[(175)] Appreciation of beautiful color grows by exercise and discrimination, just as naturally as fine perception of music or literature. Each is an outlet for the expression of taste,—a language which may be used clumsily or with skill.
[(176)] As color perception becomes finer, it discards the more crude and violent contrasts. A child revels in strong chromas, but the mark of a colorist is ability to employ low chroma without impoverishing the color effect. As a boy’s shrieks and groans can be tempered to musical utterance, so his debauches in violent red, green, and purple must be replaced by tempered hues.
[(177)] Raphael, Titian, Velasquez, Corot, Chavannes, and Whistler are masters in the use of gray. Personal bias may lead one colorist a little more toward warm colors, and another slightly toward the cool field, in each case attaining a sense of harmonious balance by tempered degrees of value and chroma.[33]
[(178)] It is not claimed that discipline in the use of subtle colors will make another Corot or Velasquez, but it will make for comprehension of their skill. It is grotesque to watch gaudily dressed persons going into ecstasies over the delicate coloring of a Botticelli, when the internal as well as the external evidence is against them.
[(179)] The colors which we choose, not only in personal apparel, but in our rooms and decorations, are mute witnesses to a stage of color perception.

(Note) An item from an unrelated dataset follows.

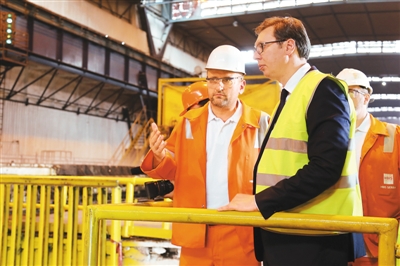 塞爾維亞總統武契奇7月5日出席河鋼塞爾維亞有限公司為正式接管斯梅代雷沃鋼鐵廠兩周年舉行的慶典時表示,中國公司的收購讓該廠獲得成功和進步。斯梅代雷沃鋼鐵廠成立于1913年,曾一度面臨倒閉。2016年,中國河鋼集團收購該廠。當年底,實現盈利。圖為武契奇(右)視察河鋼塞爾維亞有限公司。新華社記者 王慧娟攝

If that perception is trained to finer distinctions, the mind can no longer be content with coarse expression. It begins to feel an incongruity between the “loud” color of the wall paper, bought because it was fashionable, and the quiet hues of the rug, which was a gift from some artistic friend. It sees that, although the furniture is covered with durable and costly materials, their color “swears” at that of the curtains and wood-work. In short, the room has been jumbled together at various periods, without any plan or sense of color design.

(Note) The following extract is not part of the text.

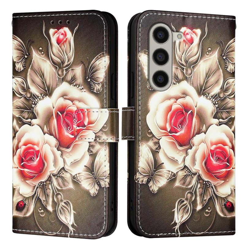 For Samsung Galaxy Z Fold6 Colored Drawing Pattern Plain Weave Leather Phone Case(Roses On Black)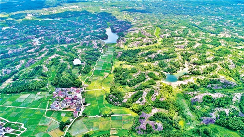 8月9日,在江西省吉安市永丰县沿陂镇拍摄的石漠水土保持绿化区。近年来,永丰县着力实施国家水土保持项目,大规模绿化荒山石漠,修复自然生态,完善水利设施,在生态环境保护和绿色产业扶贫两方面发挥积极作用。刘浩军摄(中经视觉)

[(180)] Good taste demands that a room be furnished, not alone for convenience and comfort, but also with an eye to the beauty of the various objects, so that, instead of confusing and destroying the colors, each may enhance the other. And, when this sense of color harmony is aroused, it selects and arranges the books, the rugs, the lamp shade, the souvenirs of travel and friendship, the wall paper, pictures, and hangings, so that they fit into a color scheme, not only charming to the eye at first glance, but which continues to please the mind as it traces out an intelligent plan, bringing all into general harmony.

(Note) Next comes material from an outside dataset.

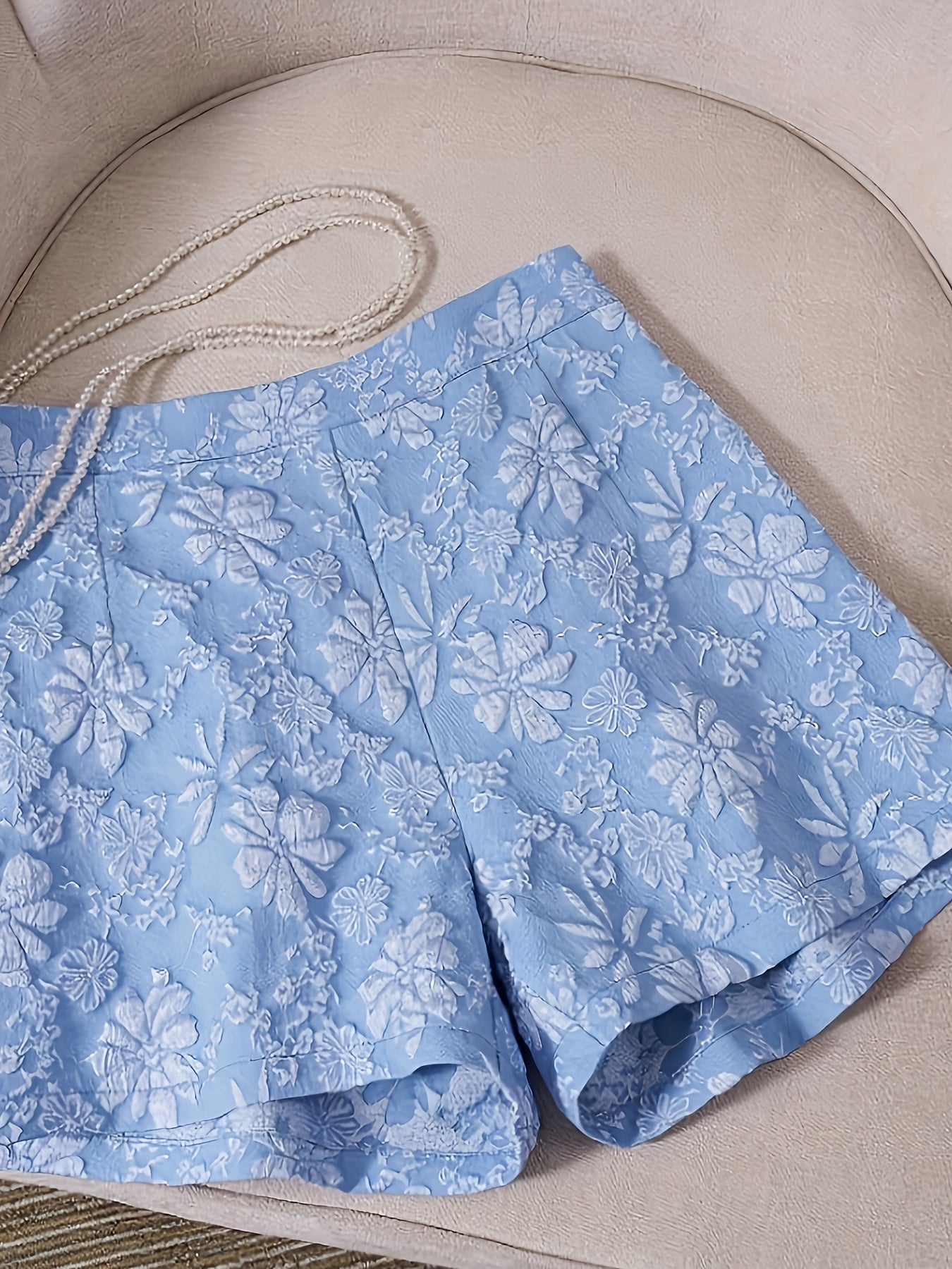 • Jacquard woven floral fabric• Elastic waist with zipper detail• Regular fit comfortable silhouette• Chic casual design• Non-sheer construction• Suitable for daily wear

[(181)] Nor will this cease when one room has been put to rights. Such a coloristic attitude is not satisfied until the vista into the next apartment is made attractive. Or should there be a suite of rooms, it demands that, with variety in each one, they all be brought into harmonious sequence. Thus the study of color finds immediate and practical use in daily life. It is a needed discipline of color vision, in the sense that geometry is a discipline of the mind, and it also enters into the pleasure and refinement of life at every step. Skill or awkwardness in its use exerts as positive an influence upon us as do the harmonies and discords of sound, and a far more continuous one. It is thought a defect to be unmusical. Should it not be considered a mark of defective cultivation to be insensitive to color?
[(182)] In this slight sketch of color education it has been assumed that we are to deal with those who have normal perceptions. But there are some who inherit or develop various degrees of color-blindness; and a word in their behalf may be opportune.
[(183)] A case of total color-blindness is very rare, but a few are on record. When a child shows deficient color perception,[34] a little care may save him much discomfort, and patient training may correct it. If he mismatches some hues, confuses their names, seems incapable of the finer distinctions of color, study to find the hues which he estimates well, and then help him to venture a little into that field where his perception is at fault. Improvement is pretty sure to follow when this is sympathetically done. One student, who never outgrew the habit of giving a purplish hue to all his work, despite many expedients and the use of various lights and colored objects to correct it, is the single exception among hundreds whom it has been my privilege to watch as they improved their first crude estimates, and gained skill in expressing their sense of Nature’s subtle color.